= Joseph Lateiner =

Romanian Yiddish playwright (1853–1935)

Joseph Lateiner (December 25, 1853 – February 23, 1935) was a playwright in the early years of Yiddish theater, first in Bucharest, Romania and later in New York City, where he was a co-founder in 1903 with Sophia Karp of the Grand Theater, New York's first purpose-built Yiddish language theater building.

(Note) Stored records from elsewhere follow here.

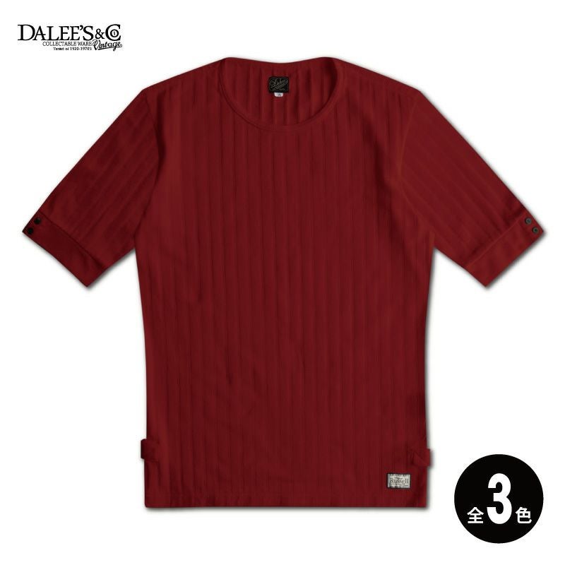 変形ピケ編みというデザイン性あるニット素材。首元が広いワイドネック形状と肘までの袖丈「エルボースリーブ」により一種独特の形状を創り上げています。一枚着でも重ね着でも使い勝手が良いことからダリーズTシャツシリーズ中で最もリピート率が高い商品です。
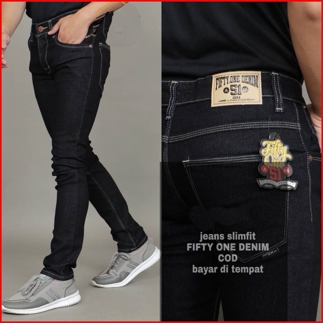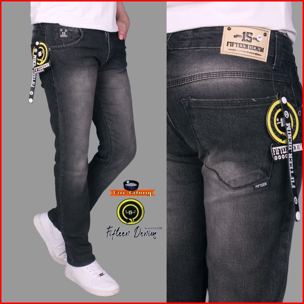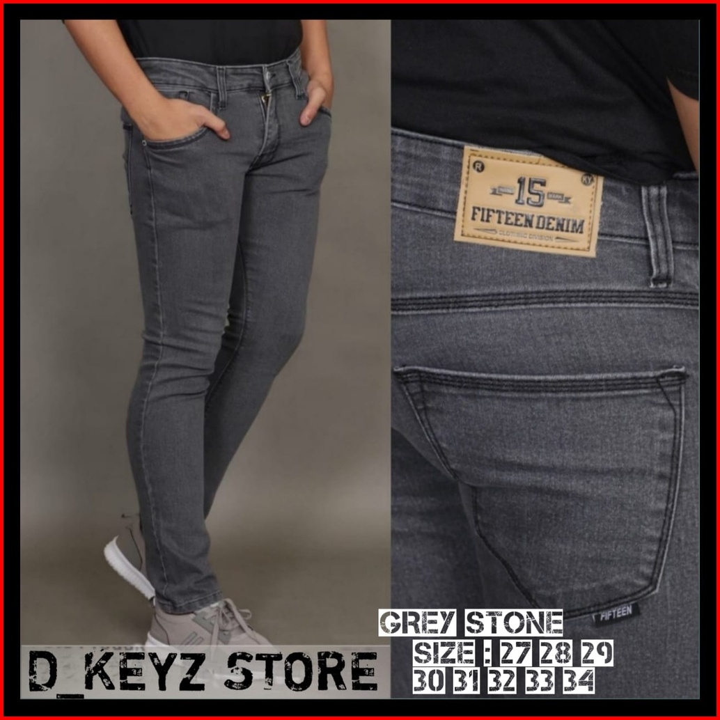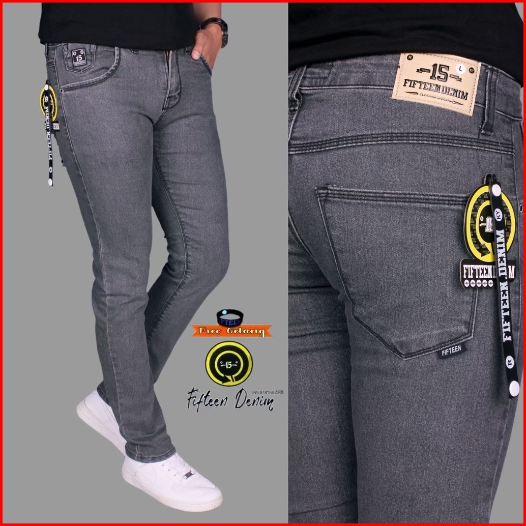 Fifteen Denim - Celana Jeans Pria Slim Fit Streetch Original Celana Cowok Jeans Cowok Abu Grey Jeans
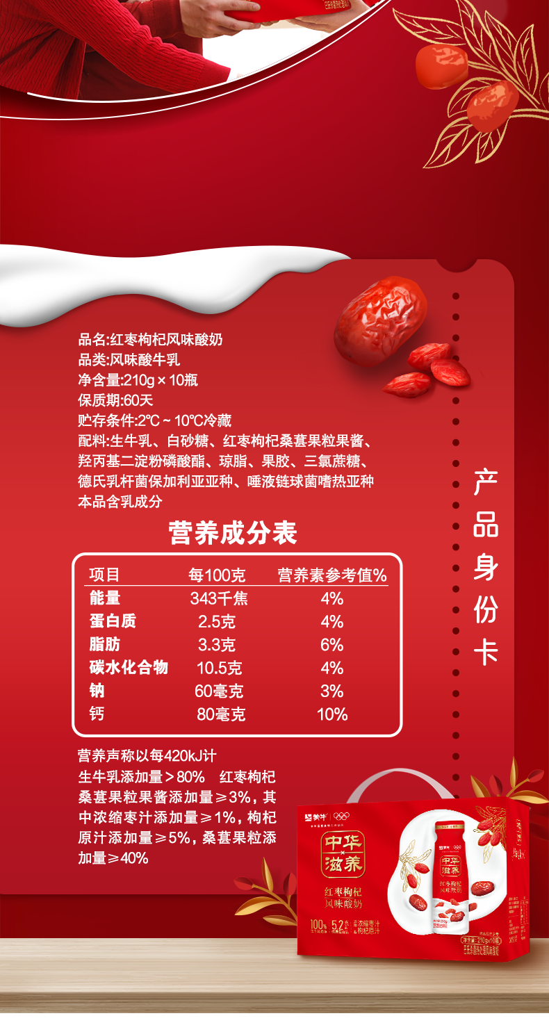 蒙牛(MENGNIU)中华滋养红枣枸杞风味酸牛奶 210g*10瓶 酸奶礼盒装
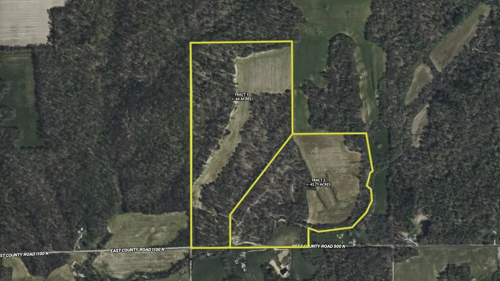 Tract 1 of 2: This +- 64-acre rural tract near Osgood, Indiana, offers a balanced mix of approximately 18 acres of dormant tillable landleft uncultivated for two yearsand roughly 46 acres of lightly harvested hardwood forest. The tillable soils consist primarily of silt loams with favorable productivity ratings. Road access is straightforward from County Road 500 North, where the property includes about 500 feet of frontage. Electric and water infrastructure are accessible along the roadside. A recent survey (December 2024) clearly defines the overall acreage and exterior boundaries (not reflecting the parcel split). The tract extends roughly 2,700 feet back from the road, yielding a long, private parcel layout. At the rear, a field opens up with minimal visibility from the roadside and very few surrounding homes in sight. The terrain includes a diverse mix of open field, forested edges, trails, and internal access lanesideal for low-impact movement, particularly during deer or turkey seasons. This arrangement facilitates quiet ingress and egress, reducing disturbances to wildlife. Importantly, there is no floodplain present on the tract. Potential uses vary, including new residential construction, small-scale farming or livestock, recreational hunting, or long-term investment. The combination of quality soils, mature timber, utility access, defined boundaries, and a deep, private layout supports a broad range of rural land. Whether pursued as a home site, hunting ground, or investment, this parcel delivers functional flexibility in a quiet Indiana setting. Ripley County is home to Versailles State Park, with over 3,000 acres of forests, trails, and a 230-acre lake for fishing and boating. Nearby, Big Oaks National Wildlife Refuge spans more than 50,000 acres across several counties, offering public hunting, wildlife observation, and habitat for diverse species, enhancing the area’s outdoor recreation appeal.
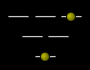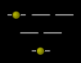 | E = 4ε のときの微視的状態数の数え方 古典統計では6+4=10通り,ボース統計では3+3=6通り,フェルミ統計では3+1=4通りの微視的状態が存在する。 なお,粒子Nに対してN!で古典統計の結果を除した修正古典統計は10÷2=5通りとなるが,具体的な微視的状態は図示不可能 (修正古典統計は所詮 ニセモノ なのだ)。 |

Born in Iaşi, Moldavia, now Romania, Lateiner got his start writing for theater in Iaşi around the start of 1878, when Israel Grodner, having left Abraham Goldfaden's Bucharest company, needed a playwright. He added some topical material to a German-language comedy Nathan Schlemiel oder Orthodoxe und reformirte Juden by J. Rosenzweig (Note: Rosenzweig's text says that the action is "somewhere in Hungary" and a 1906 Hungarian reference book gives author's name as Ignácz Rosenzweig, born in Pozsony (Both Pressburg and Poszony are the names of Bratislava,)) (Ein Tendenz-Lustspiel in 3 Acten. Pressburg, 1873), and came up with a play Die Tzwei Schmuel Schmelkes (The Two Schmuel Schmelkes). He translated and "Yiddishized" plays from Romanian and German; his more than 80 plays included Mishke and Moshke: Europeans in America (or The Greenhorns), "Satan in the Garden of Eden", and "The Jewish Heart".

Lateiner's Yiddish language operetta Blihmele ("Little Flower"). premiered in 1894 at the Windsor Theatre, New York City, and included the hit song "Khosn kale mazel tov" written by Sigmund Mogulesko.

By showing that Goldfaden was not the only person who could write a successful play in Yiddish, he opened the floodgates for other Yiddish playwrights.